The capped simplex is defined as the set of points in the unit hypercube that sum to less than a given value $s$: $$ \left\{ x \in \mathbb{R}^n \ \middle|\ \sum_{i=1}^n x_i \leq s \text{ and } 0\leq x_i \leq 1\right\}. $$
Sampling from the capped simplex when $n$ is small is trivial and efficient with rejection sampling (e.g., sampling $x \sim [0,1]^n$ and then rejecting if $\sum x_i\gt s$). For large $n$, rejection sampling is quickly intractable. The volume of the capped simplex is given by the formula: $$ C(n,s) = \frac{1}{n!} \sum_{k=0}^{\lfloor s \rfloor} (-1)^k \begin{pmatrix}n\\k\end{pmatrix} (s-k)^n. $$ Consider $n=30$ and $s=5$, the acceptance rate for rejection sampling would be less than $10^{-11}\%$.
A better approach is to sample the simplex scaled by $s$ and then reject points with any coordinate greater than 1. There are various ways to sample that simplex but one is to: $$ u \sim \text{Uniform}\left([0,1]^{n+1} \right) \\ y = -\log(u) \\ x_i = s \frac{y_i}{\sum_{j=1}^{n+1} y_j} \quad \text{for } i=1,\ldots,n. $$ Now we reject if any $x_i \gt 1$.
As $n$ grows the volume of the of the $s$-simplex is given by: $$ S(n,s) = \frac{s^n}{n!}. $$ This means the acceptance rate for this method is: $$ \frac{C(n,s)}{S(n,s)} = \sum_{k=0}^{\lfloor s \rfloor} (-1)^k \begin{pmatrix}n\\k\end{pmatrix} \left(1-\frac{k}{s}\right)^n, $$ which goes to $1$ as $n$ grows with fixed $s$: basically free!
For fixed $n$, there's a crossover point as $s$ grows when the acceptance rate becomes better to just use the hypercube again. This happens when: $$ s \ge (n!)^{1/n}. $$ But that's not super useful for large $n$ as it also tends toward 0, so for moderate $s$ relative to large $n$ we're not accepting many samples in either method.

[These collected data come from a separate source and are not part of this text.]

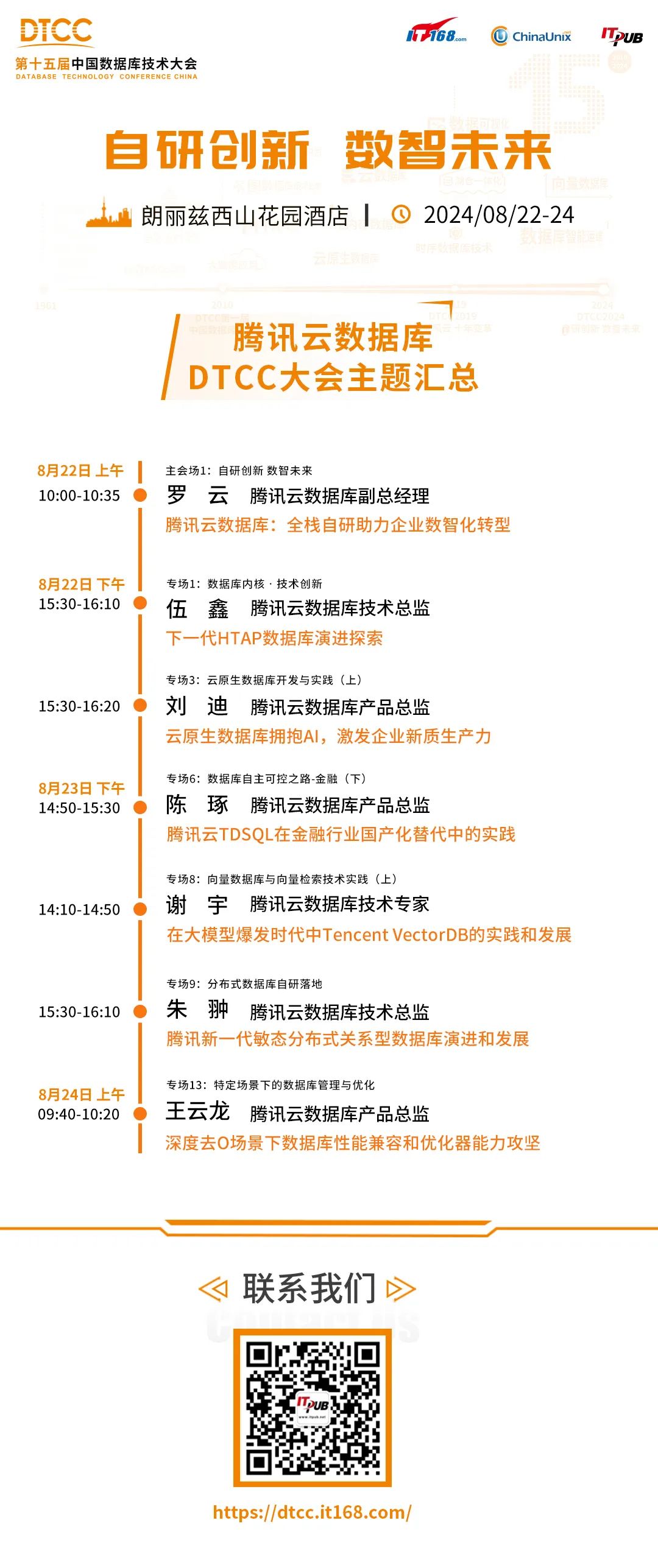 大会即将拉开帷幕,精彩内容不容错过。腾讯云数据库诚邀您一起参加DTCC大会,共同探索数据库技术的无限可能,携手拥抱数智化未来!这将是一个学习、交流和创新的重要平台,我们期待与您共同书写数据库技术的新篇章!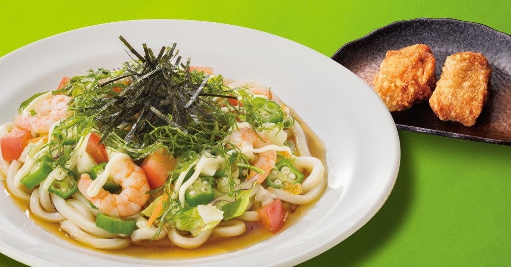 海老と山芋オクラのねばとろサラダうどん+[から好し]ももから揚げ2個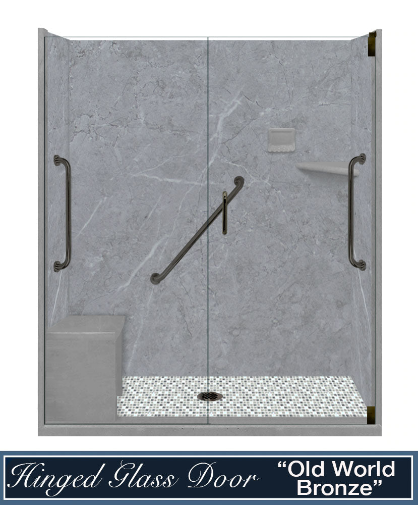 Freedom Grio Marble Del Mar Mosaic Alcove Shower Enclosure Kit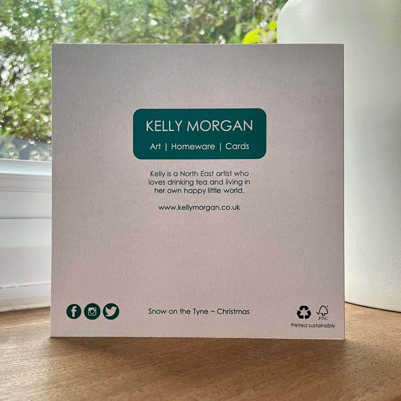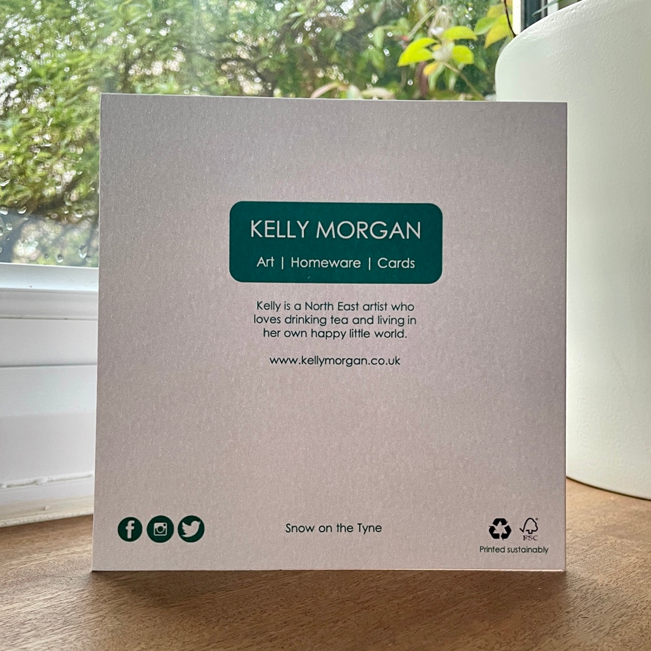 The design on this card 'Snow on the Tyne' is taken from artist Kelly Morgan's original artwork, and it's blank inside for your own message.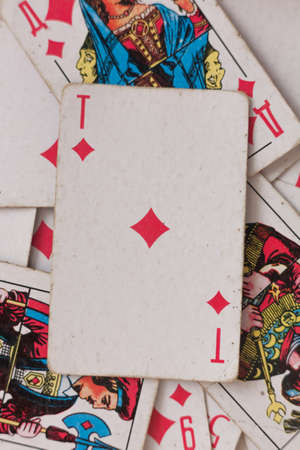 A closeup shot of a pile of playing cards on a white surface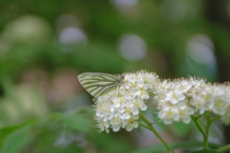 Green-veined white butterfly, Pieris napi, resting in a meadow hanging on a white flower foraging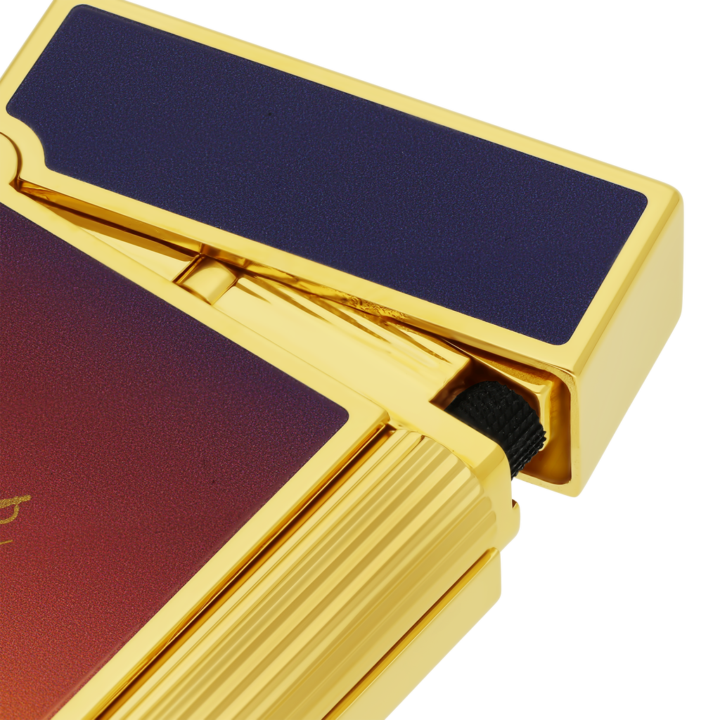Das S.T. Dupont Ligne 2 Feuerzeug in der Montecristo Aurore Edition vereint französische Handwerkskunst mit der ikonischen Zigarrenkultur. Der von Hand aufgetragene Naturlack zeigt einen faszinierenden Farbverlauf, inspiriert von den warmen Tönen der Morgendämmerung. Die goldfarbenen Metallelemente ergänzen das Design harmonisch und verleihen dem Feuerzeug eine luxuriöse Ausstrahlung.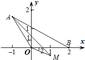 解答 解:如图,∵A(-1,$\sqrt{3}$)、M(1,-$\frac{\sqrt{3}}{3}$),且B(2,0),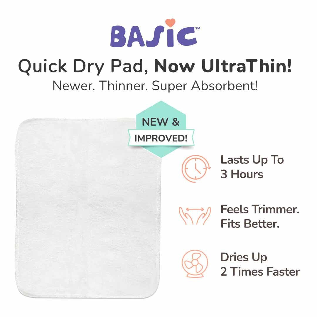 BASIC Cloth Diaper is now trimmer with a reduced number of snap buttons. Fits better, feels more comfortable. The Quick Dry UltraThin Pads are foldable style, 4 layered pads which can be attached to the cloth diaper. Its UltraThin Design is light for the baby, fits better and trimmer. It dries 2 times faster than other pads.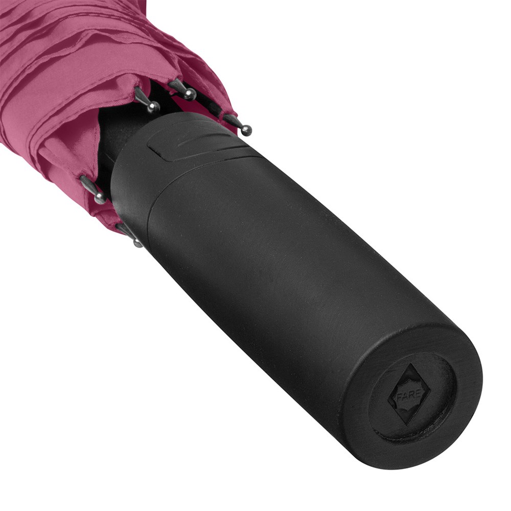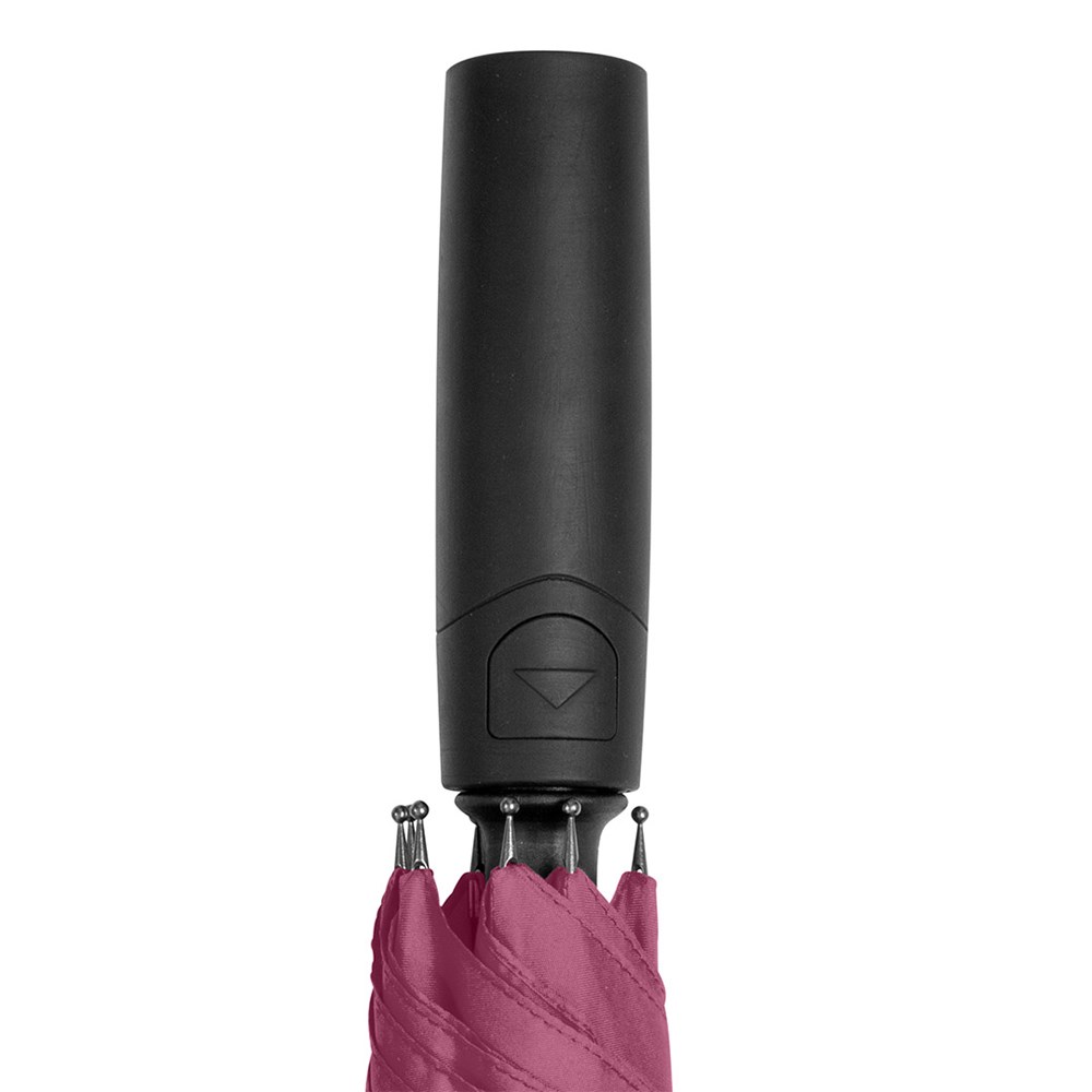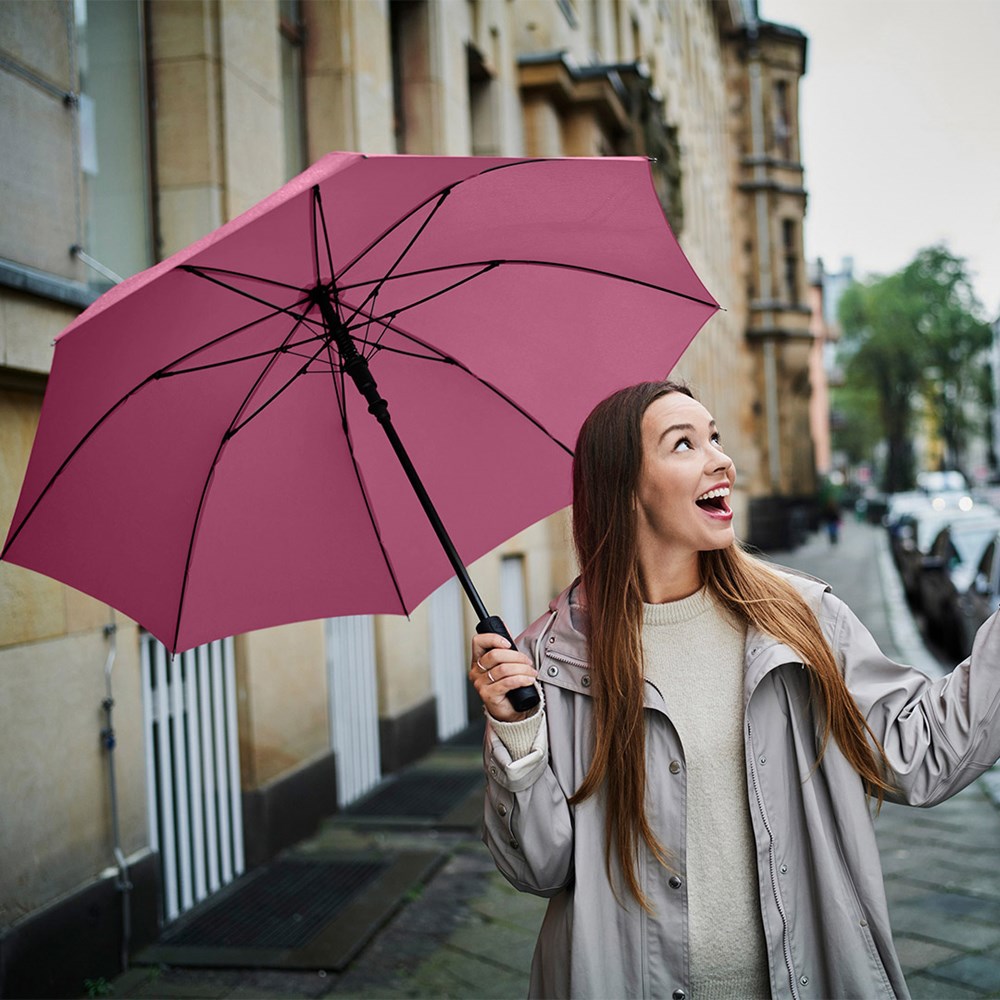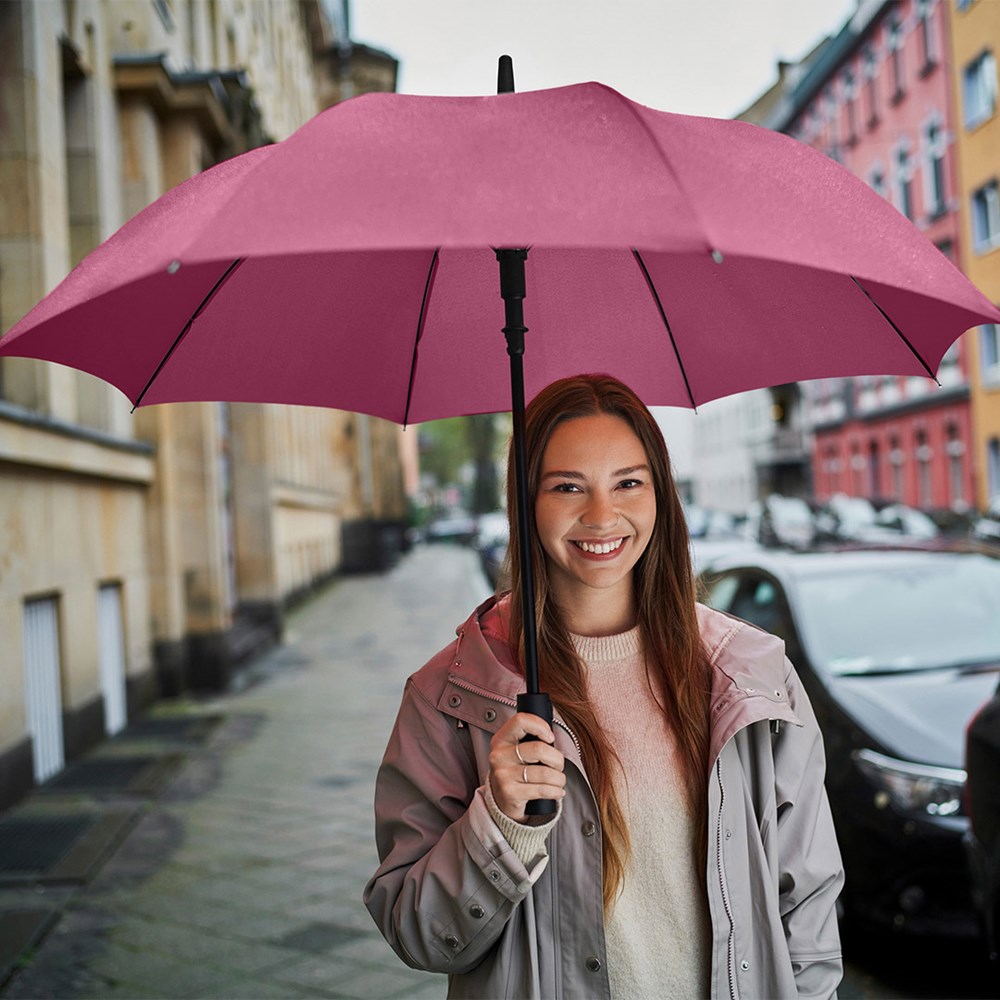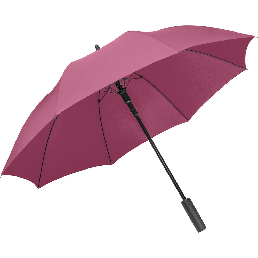 Attractively priced automatic regular umbrella with Windproof PLUS system Convenient automatic function for quick opening, high-quality Windproof PLUS system for maximum frame flexibility in stormy conditions, flexible fibreglass ribs, higher corrosion protection thanks to black galvanisation of the steel shaft, Soft-Feel handle with integrated pushbutton and promotional labelling option.

ChatGPT helped derive a more direct method that does not rely on rejection sampling. Suppose $x$ was drawn uniformly from the $s$-capped simplex in $\mathbb{R}^n$ and consider the first coordinate $x_1=t$. Conditioned on $x_1=t$, the remaining coordinates $(x_2,\dots,x_n)$ are uniform on the $(s-t)$-capped simplex in $\mathbb{R}^{n-1}$. Therefore the marginal density of $x_1$ is proportional to the remaining feasible volume: $$ p_{x_1}(t) = \frac{C(n-1,s-t)}{C(n,s)}, \qquad 0 \le t \le \min(1,s). $$ Integrating gives the cumulative distribution function: $$ F_{x_1}(t) = \frac{1}{C(n,s)}\int_0^t C(n-1,s-u)\,du. $$
We can sample $x_1$ by drawing $r_1\sim\mathrm{Uniform}\left([0,1]\right)$ and solving for $t$ such that $F_{x_1}(t)=r_1$ via bisection root finding. Then we recurse on dimension $n-1$ with updated cap $s\leftarrow s-x_1$ to sample $x_2$, and so on. This produces uniform samples from the $s$-capped simplex without any rejection.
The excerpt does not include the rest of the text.